These records contain pictures, which must be left out; copy exactly the lines from the one with "Busta Primo giorno Filigrano" up to and including the one with "Övre planet, stora".

· · ·

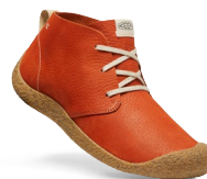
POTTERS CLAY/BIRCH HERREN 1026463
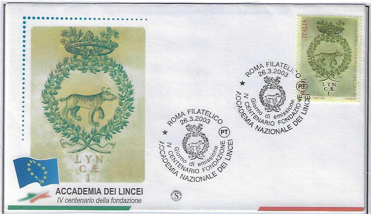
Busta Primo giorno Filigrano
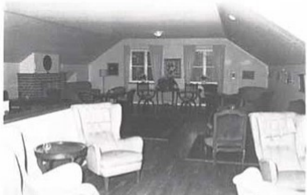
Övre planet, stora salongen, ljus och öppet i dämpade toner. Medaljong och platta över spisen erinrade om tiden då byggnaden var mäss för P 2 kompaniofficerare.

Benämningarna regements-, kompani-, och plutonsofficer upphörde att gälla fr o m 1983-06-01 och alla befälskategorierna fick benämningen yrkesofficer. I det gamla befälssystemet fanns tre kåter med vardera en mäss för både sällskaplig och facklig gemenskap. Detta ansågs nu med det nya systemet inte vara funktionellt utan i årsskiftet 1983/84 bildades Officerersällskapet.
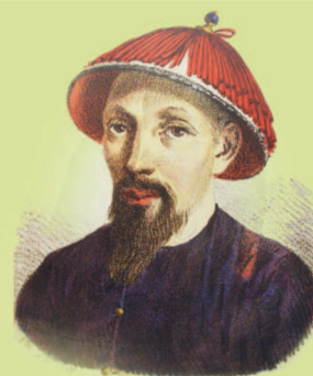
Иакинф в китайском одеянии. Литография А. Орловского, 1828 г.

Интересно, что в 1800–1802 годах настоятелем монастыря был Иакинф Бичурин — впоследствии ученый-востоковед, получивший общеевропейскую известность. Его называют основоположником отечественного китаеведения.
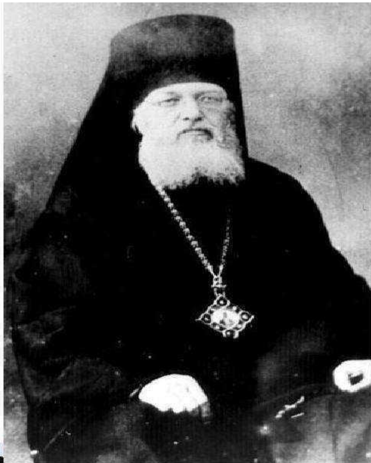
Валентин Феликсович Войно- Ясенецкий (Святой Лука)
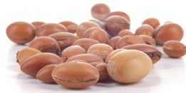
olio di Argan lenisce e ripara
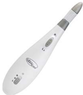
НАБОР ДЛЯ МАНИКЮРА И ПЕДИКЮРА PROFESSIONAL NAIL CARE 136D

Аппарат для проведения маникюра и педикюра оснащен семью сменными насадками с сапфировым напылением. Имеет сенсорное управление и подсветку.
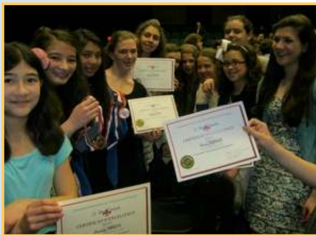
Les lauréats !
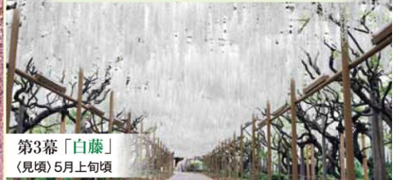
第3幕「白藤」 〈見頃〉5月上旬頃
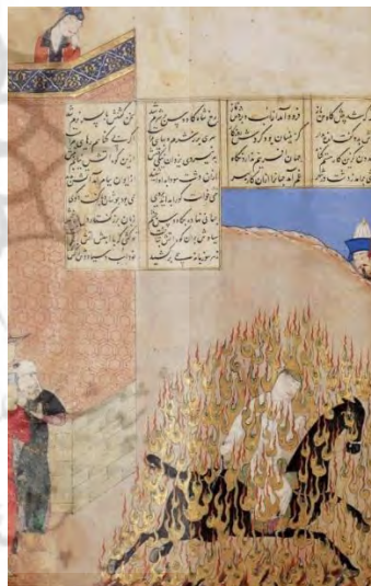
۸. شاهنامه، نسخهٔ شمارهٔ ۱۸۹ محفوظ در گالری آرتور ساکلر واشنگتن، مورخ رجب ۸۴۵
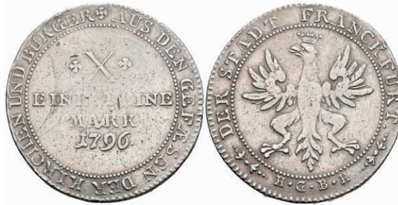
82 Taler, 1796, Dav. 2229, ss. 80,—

· · ·

Result:
Busta Primo giorno Filigrano
Övre planet, stora salongen, ljus och öppet i dämpade toner. Medaljong och platta över spisen erinrade om tiden då byggnaden var mäss för P 2 kompaniofficerare.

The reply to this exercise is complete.